Jimmy didn't see the knife. The six inch stiletto flashed in Stefano's hand for only a fraction of a second before slashing across Jimmy's chest. He fell backwards, clutching his hand to the angry, bleeding gash. Q

uentin got to his feet and stomped viciously into Jimmy's midsection. Gasping for breath, Jimmy could only watch Stefano bearing down on him with the blade. Suddenly, a bright light froze him momentarily in his tracks. Amria had felt around in the dark until she'd found Maggie's flashlight and was aiming it directly into Stefano's eyes. Seizing the moment, Jimmy lashed out with his foot, kicking hard into the man's groin, sending him reeling. Quentin screamed in pain, stutter-stepped backwards and caught the edge of the horse trough with his boot, tumbling headlong into the water. Jimmy sagged to the floor, exhausted. Before he could clamber out of the trough, Quentin felt the touch of cold steel pressed to his forehead. He looked up and saw Amria in the glow of the flashlight--holding his pistol.

"You would shoot me? Me? Your own flesh and blood?"

He shook his head with a confidence born of arrogance and contempt.

"I don't think you will. I don't think you have it in you. Now put it down.

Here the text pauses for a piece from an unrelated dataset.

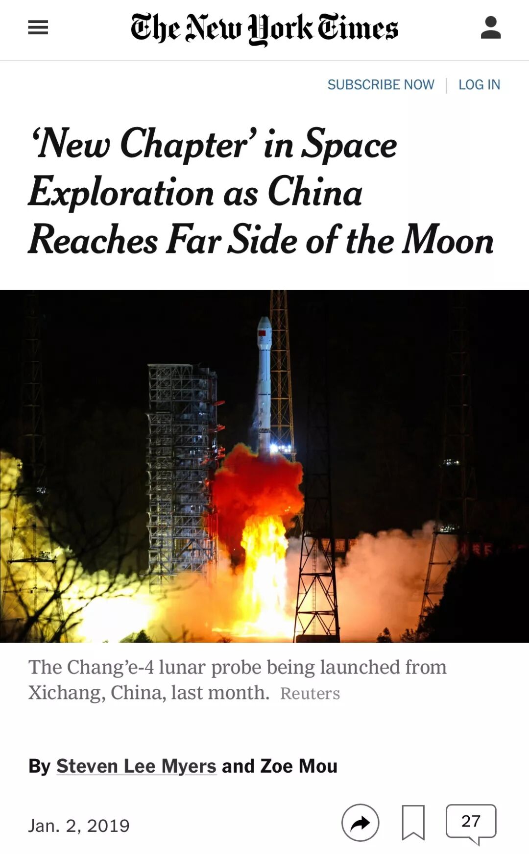 《纽约时报》以“中国开启太空探索新篇章”为题,回顾了中国近20年来在太空探索领域取得的多项重大成就,称无论在技术和象征意义的层面上,这次的月背软着陆都是一项重大成就。为美国国防部密涅瓦研究所撰写太空研究报告的独立分析师纳姆拉塔·戈斯瓦米(Namrata Goswami)表示,中国将此次登月作为基石,为未来的载人登月做准备。中国的长期目标是让人类移居月球,嫦娥探测器正在探索的地方可能会成为未来的燃料补给基地。
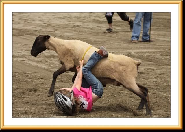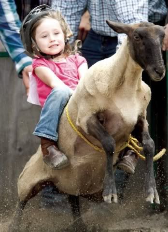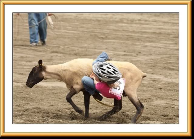 I immediately began to question my sanity as they put her on the sheep. I think it was right about then that I heard the Announcer over the loud speaker making a joke about how Mutton Bustin was the only legal form of child abuse in America. And I wanted to grab her off that sheep and run far away very fast. But in that split second, the sheep she was on tore out of the shoot, and she was off! She hung on for dear life. And would not let go….even after she lost her balance and the sheep (still running) drug her though the Arena. Finally, as the sheep neared the flock of other sheep on the far side of the arena, she let go. I was already running towards her, knowing that any second she would be screaming hysterically. But she never shed a tear. She got up, brushed up and announced to me and anybody else who was listening, “I want my belt buckle!” There was an eruption of cheering and clapping as we walked towards the gate. Cowboys were hanging over the fence, giving her high-fives as she strode out of that arena. But there was no belt buckle to claim. One little boy got very lucky, and his sheep decided to just walk around in a nice slow circle. And since the judging is done solely on time on the sheep, not how well you ride, the buckle went to him.

I said...put...it...down, Amria!"

She stood there, staring at Quentin, the man who had kidnapped and brutalized and used her for months; the man who had regularly reduced her to a mass of quivering terror with a single look--and reveled in his power to do so; the man who had murdered her former lover; the man who had, in all probability, raped her mother, as well. This man. Her father. The very word seared her consciousness.

Amria lowered the gun. Quentin began to smirk. Laying the gun carefully at her feet, she reached up and grabbed the loose wire, ripped it from the ceiling with a single, sweeping motion and dangled it inches above the trough. In an instant, Quentin's expression changed from triumph to terror.

"No, I won't shoot you...father," she whispered.

Without hesitation, she dropped the wire into the water. The crackling was replaced by a low, metallic hum as Quentin Stefano began to convulse violently, clutching spastically at the side of the trough. His teeth began to shatter and blood trickled from one if his nostrils. Finally, a tiny plume of smoke rose from behind his head and he went limp, sinking slowly beneath the surface.

Amria ran to Jimmy, got him to his feet and helped him out of the barn. Outside, Eddie stood with Maggie, one big arm propped over her shoulder and a fresh bandage wrapped around his wounded leg.

"Cut yourself a little, did you partner?" chuckled Eddie.

"Aw, it's nothing old man. Just a nick," Jimmy grinned. "Um, Eddie? 'You think there'll be any trouble about…well...all this?"

Eddie shook his head.

"Funny thing about the desert. Sometimes, people just go missing. They get lost or they have an accident and they're never, ever found. 'Just happens."

Eddie shrugged. Maggie nodded thoughtfully, and then looked at others with an odd smile curling around the edges of her lips.

"You know what, Eddie? I think it's about time we dug ourselves a new garbage pit."

They all laughed quietly, and then stood there for a long time basking in the first golden rays of a new day rising over the mountains.